The Trial court disregarded the respondent’s statement. The net hereditary estate was ordered
in favor the Fe D. Quita and Ruperto, the brother of Arturo. Blandina and the Padlan children moved for
reconsideration. On February 15, 1988 partial reconsideration was granted declaring the Padlan
children, with the exception of Alexis, entitled to one-half of the estate to the exclusion of Ruperto
Padlan, and the other half to Fe Quita. Private respondent was not declared an heir for her marriage to
Arturo was declared void since it was celebrated during the existence of his previous marriage to
petitioner. Blandina and her children appeal to the Court of Appeals that the case was decided without
a hearing in violation of the Rules of Court.

Issues:

Whether or not Quita is the legitimate surving spouse of Arturo Padlan.

Held:

No dispute exists as to the right of the six Padlan children to inherit from the decedent
because there are proofs that they have been duly acknowledged by him and petitioner
herself even recognizes them as heirs of Arturo Padlan, nor as to their
respective hereditary shares.

Private respondent is not a surviving spouse that can inherit from him as this status
presupposes a legitimate relationship. Her marriage to Arturo being a
bigamous marriage considered void ab inito under Articles 80 and 83 of the Civil Code
renders her not a surviving spouse. They married in 1947 whuile the divorce decree was
obtained in 1954.

The doubt persisted as to whether Quita was still a Filipino citizen when their divorce was
decreed. The trial court must have overlooked the materiality of this aspect.
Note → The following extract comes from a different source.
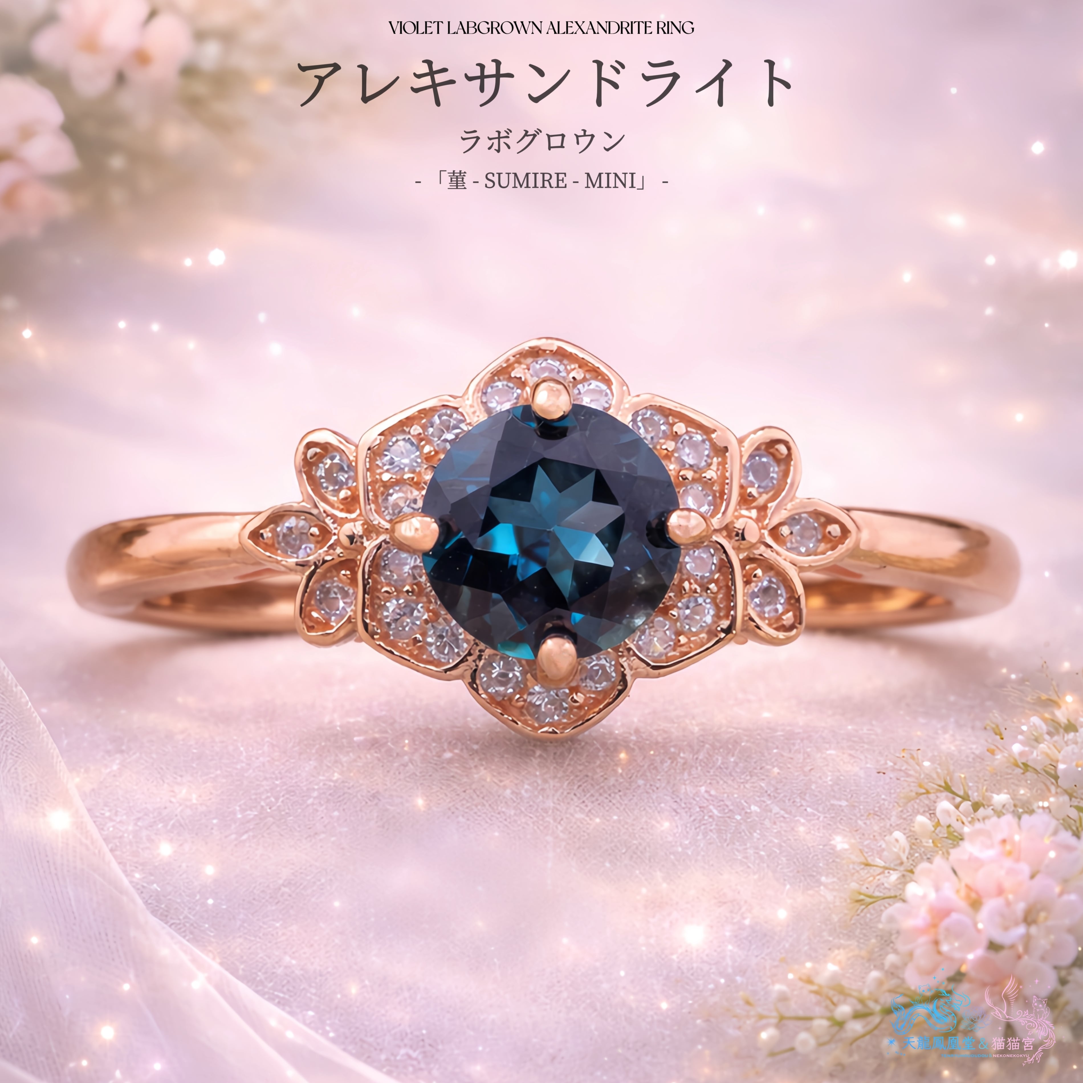 【当店オリジナル】【菫 - SUMIRE - MINI】アレキサンドライト ラボグロウン シルバー S925 花 リング

As to the right of the petitioner however, the court affirmed the ruling of the appellate court
in ordering the case returned to the trial court for further proceedings.
The ruling in Van Dorn v. Romillo Jr.[13]” that aliens may obtain divorces abroad, which
may be recognized in the Philippines, provided they are valid according to their national law”,
would become applicable Once proved that she was no longer a Filipino citizen at the time
of their divorce. The petitioner could very well lose her right to inherit from Arturo.